Conflict of interest statement

Competing Interests: The authors have declared that no competing interests exist.

Figures

Figure 1. The calculated power of exome…
Figure 1. The calculated power of exome sequencing for rare monogenic Mendelian diseases for various parameter combinations.
Figure 2. Genes underlying highly heterogeneous diseases…
Figure 2. Genes underlying highly heterogeneous diseases can be identified by sequencing a moderate sized sample.
The calculated power with varying degrees of genetic heterogeneities (R) ranging from 0.01 to 1 is shown. Upper panel: power of Tr for detecting a recessive gene; Middle panel: power difference Tr-Ta for detecting a recessive gene; Lower panel: power of Td for detecting a dominant gene. Other parameters are fixed to the default values: number of mutations m = 300; total number of genes M = 20,000; sensitivity of detecting mutations Ps = 0.8; and the mutation probability equals genome-wide average w = 1. See Tables S2, S3 and S4 for more dense sampling of R values. Note that power does not always increase monotonously with sample sizes (zigzag line patterns).

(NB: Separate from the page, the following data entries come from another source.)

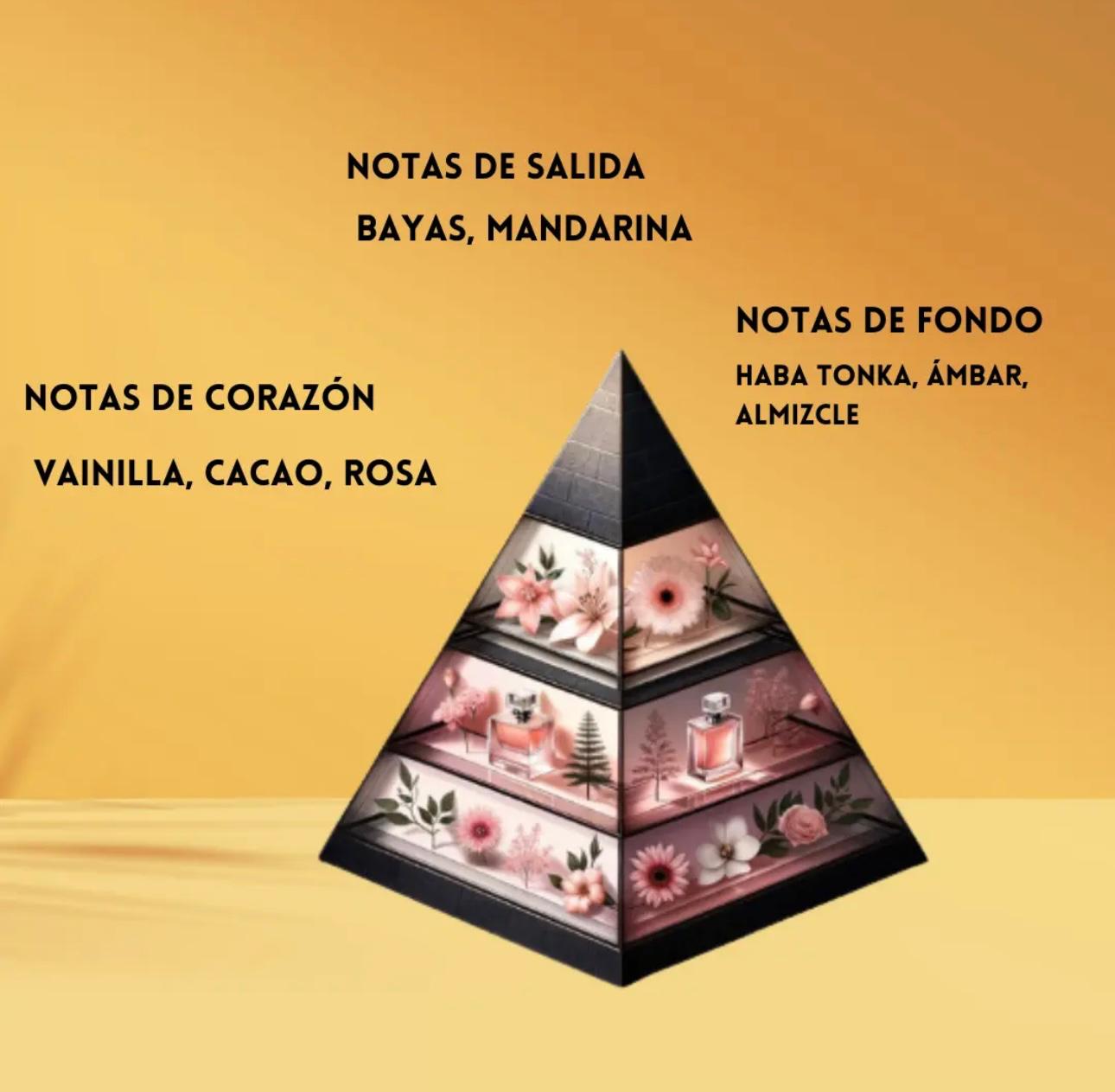 🌸Salida: frutos rojos, mandarina y un toque de azúcar — una apertura vibrante y jugosa que despierta la curiosidad. 🌸Corazón: vainilla, cacao, rosa y sutiles especias — un corazón envolvente que aporta profundidad, suavidad y calidez. 🌸Fondo: tonka, ámbar, almizcle y notas amaderadas — una base rica y duradera que deja una estela elegante y sofisticada.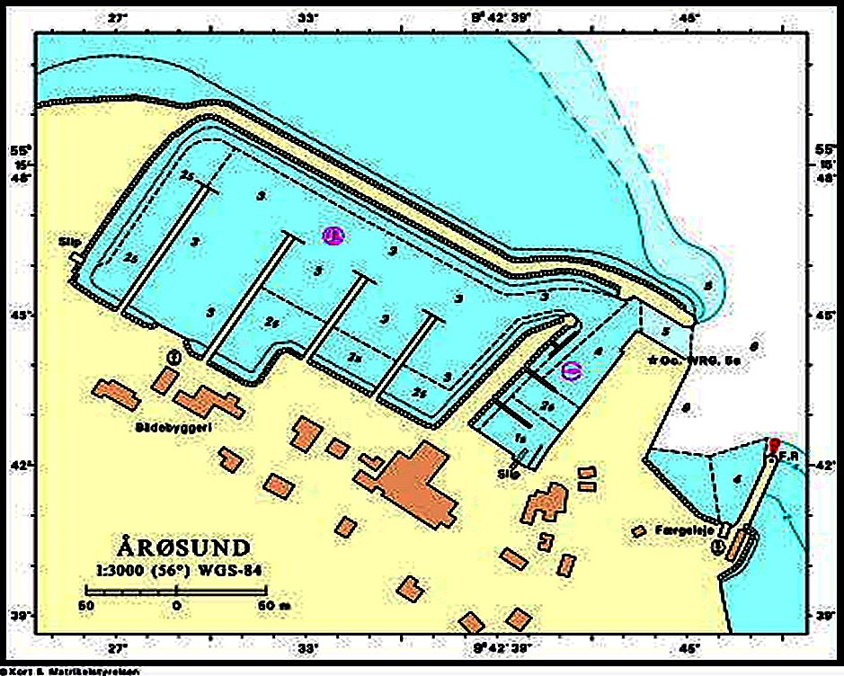 Podejście jest łatwe i nie kryje niespodzianek. Trzeba tylko pamiętać o bezwzględnym pierwszeństwie promu kursującego co godzinę na Jutlandię. Strefa przybrzeżna po północnej stronie portu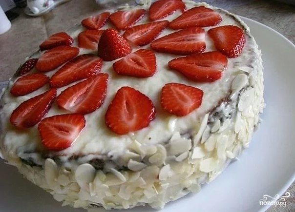 Верх залить шоколадной глазурью. Бока обсыпать миндальными листиками. Дальше как фантазия сработает: я из белой глазури (сах.пудра+лим.сок) нарисовала цветы и бабочку. Дальше обсыпала цветной кокосовой стружкой.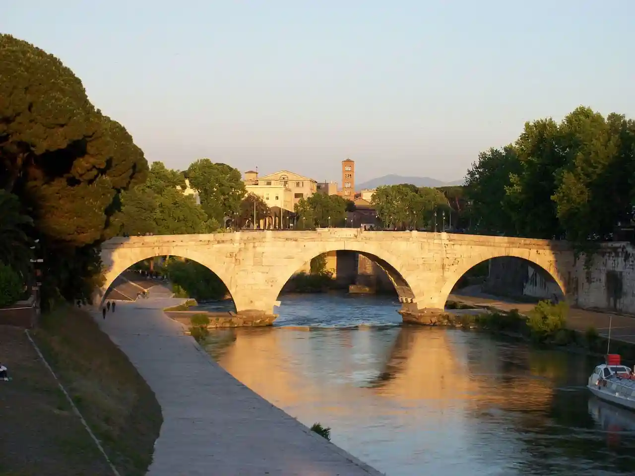 The Pons Cestius (Latin for the "Cestian Bridge"; ) is an ancient Roman bridge connecting the right bank of the Tiber with the west bank of Tiber Island in Rome, Italy. In Late Antiquity, the bridge was replaced and renamed the Pons Gratiani ("Bridge of Gratian"). It is also known as Ponte San Bartolomeo (Italian for "Bridge of St Bartholomew"). No more than one third of the present stone bridge is of ancient material, as it was entirely rebuilt and extended in the 19th century after numerous earlier restorations. Read more on Wikipedia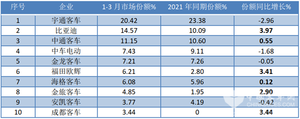 2022年1-3月TOP10企业6米以上新能源客车市场占有率及市占率变化(数据来源:中国客车统计信息网):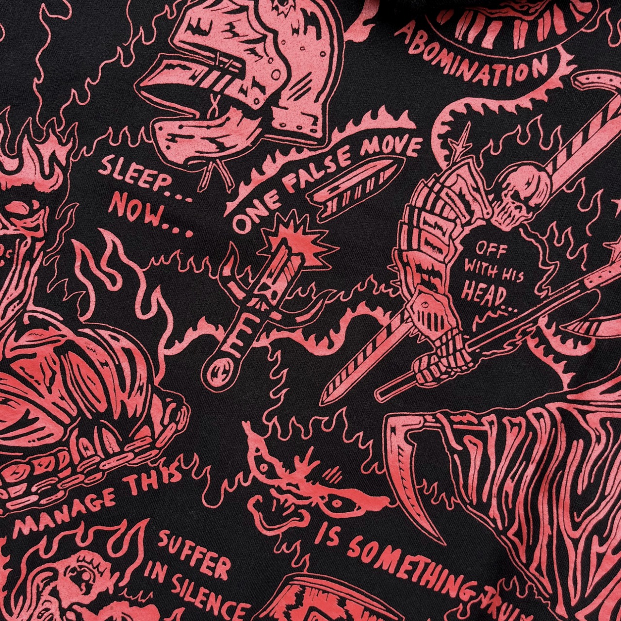 フロント左胸部分に刺繍、袖部分とバックには特大サイズのグラフィックデザインが落とし込まれております。

The loss of power upon increase of sample size is related to discrete changes in the significance level cutoff of the test and thus very small test size (not close to 0.05) as shown in Table S1, since the distribution of the test statistic is discrete.
Figure 3. High sensitivity of detecting mutations…
Figure 3. High sensitivity of detecting mutations is required to achieve a useful power.
The power for varying degrees of sensitivities of mutation detection, ranging from 0.1 to 1 is shown. Other parameters are fixed to the default values: number of mutations m = 300; total number of genes M = 20,000; genetic heterogeneity R = 0.05; and the mutation probability equals genome-wide average w = 1. See Tables S5 and S6 for more dense coverage of sensitivities of mutation detection.
Figure 4. Strict filtering of false positives…
Figure 4. Strict filtering of false positives has limited impact on recessive diseases but dramatically reduces the power of detecting dominant disease genes.
The power for varying degrees of filtering efficiencies, ranging from 5 to 500, is shown. Upper panel: power of Tr for recessive data; Lower panel: power of Td for dominant data. Other parameters are fixed to the default values: genetic heterogeneity R = 0.05; total number of genes M = 20,000; sensitivity of detecting mutations Ps = 0.8; and the mutation probability equals genome-wide average w = 1. See Tables S7 and S8 for more dense coverage of filtering efficiencies.
Figure 5. Power is low for long…
Figure 5. Power is low for long genes.
The power for varying degrees of relative mutation probabilities, ranging from 0.1 to 10 times the genome average is shown. Upper panel: power of Tr for recessive data; Lower panel: power of Tr for recessive data. Other parameters are fixed to the default values: number of mutations m = 300; genetic heterogeneity R = 0.05; total number of genes M = 20,000; and sensitivity of detecting mutations Ps = 0.8. See Tables S9 and S10 for more dense coverage of filtering efficiencies.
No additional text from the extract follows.